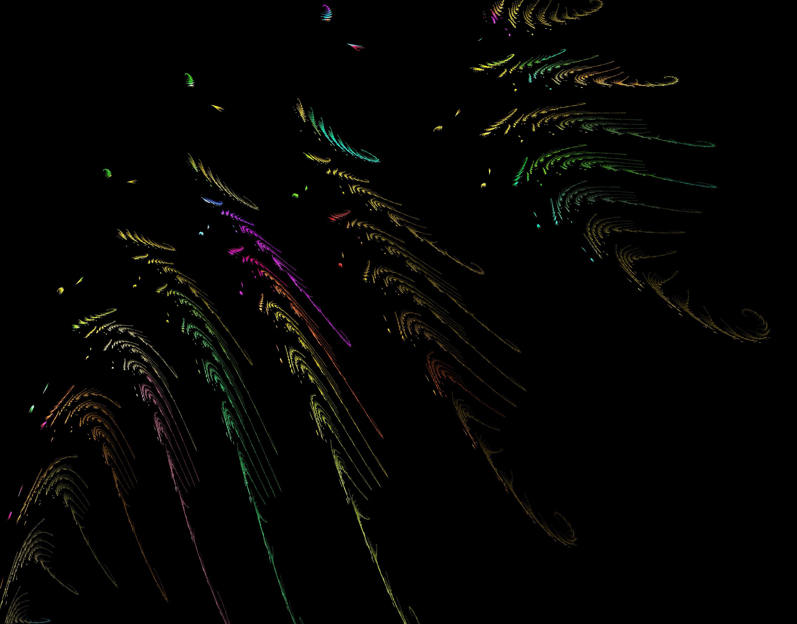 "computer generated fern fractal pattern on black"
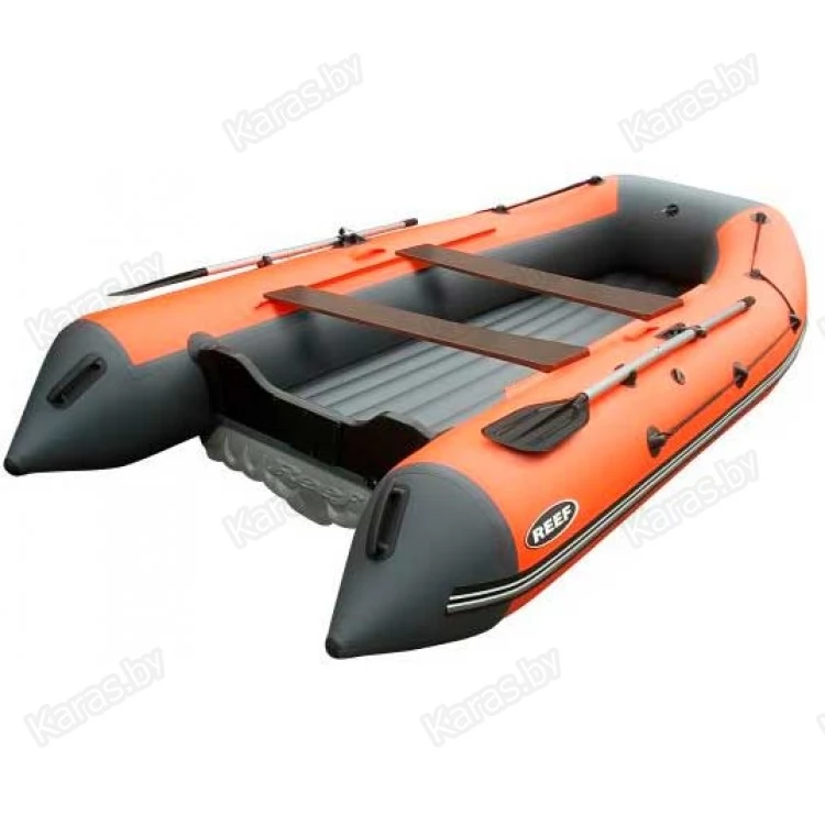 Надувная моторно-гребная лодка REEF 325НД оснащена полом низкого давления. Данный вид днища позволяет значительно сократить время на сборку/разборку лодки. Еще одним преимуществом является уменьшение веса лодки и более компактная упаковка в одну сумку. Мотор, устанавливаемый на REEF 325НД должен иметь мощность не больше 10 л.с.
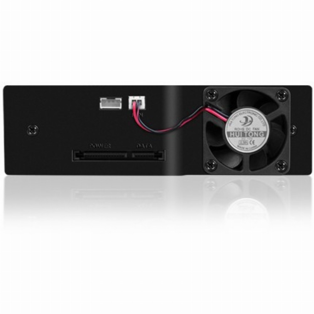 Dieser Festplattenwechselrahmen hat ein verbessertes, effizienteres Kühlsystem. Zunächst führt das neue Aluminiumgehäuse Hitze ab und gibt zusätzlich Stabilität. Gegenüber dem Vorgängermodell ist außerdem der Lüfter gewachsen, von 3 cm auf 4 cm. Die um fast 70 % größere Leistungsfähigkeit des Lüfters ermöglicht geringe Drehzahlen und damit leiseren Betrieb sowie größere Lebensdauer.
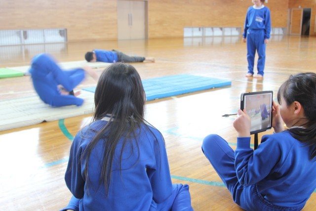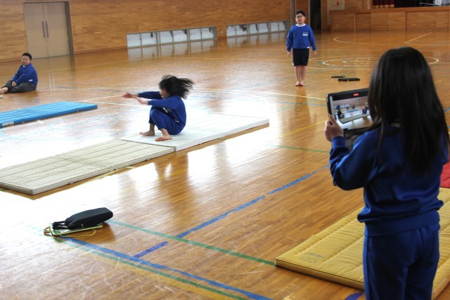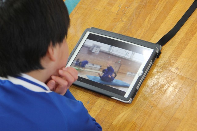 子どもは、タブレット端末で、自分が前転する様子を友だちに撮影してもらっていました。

----

| AIM OF THE TASK |
What is needed is an exact copy of the lines from the line with "Надувная моторно-гребная лодка" to the end of the data above, both included, without any pictures.

| ANSWER TO THE PROBLEM |
 Надувная моторно-гребная лодка REEF 325НД оснащена полом низкого давления. Данный вид днища позволяет значительно сократить время на сборку/разборку лодки. Еще одним преимуществом является уменьшение веса лодки и более компактная упаковка в одну сумку. Мотор, устанавливаемый на REEF 325НД должен иметь мощность не больше 10 л.с.
 Dieser Festplattenwechselrahmen hat ein verbessertes, effizienteres Kühlsystem. Zunächst führt das neue Aluminiumgehäuse Hitze ab und gibt zusätzlich Stabilität. Gegenüber dem Vorgängermodell ist außerdem der Lüfter gewachsen, von 3 cm auf 4 cm. Die um fast 70 % größere Leistungsfähigkeit des Lüfters ermöglicht geringe Drehzahlen und damit leiseren Betrieb sowie größere Lebensdauer.
 子どもは、タブレット端末で、自分が前転する様子を友だちに撮影してもらっていました。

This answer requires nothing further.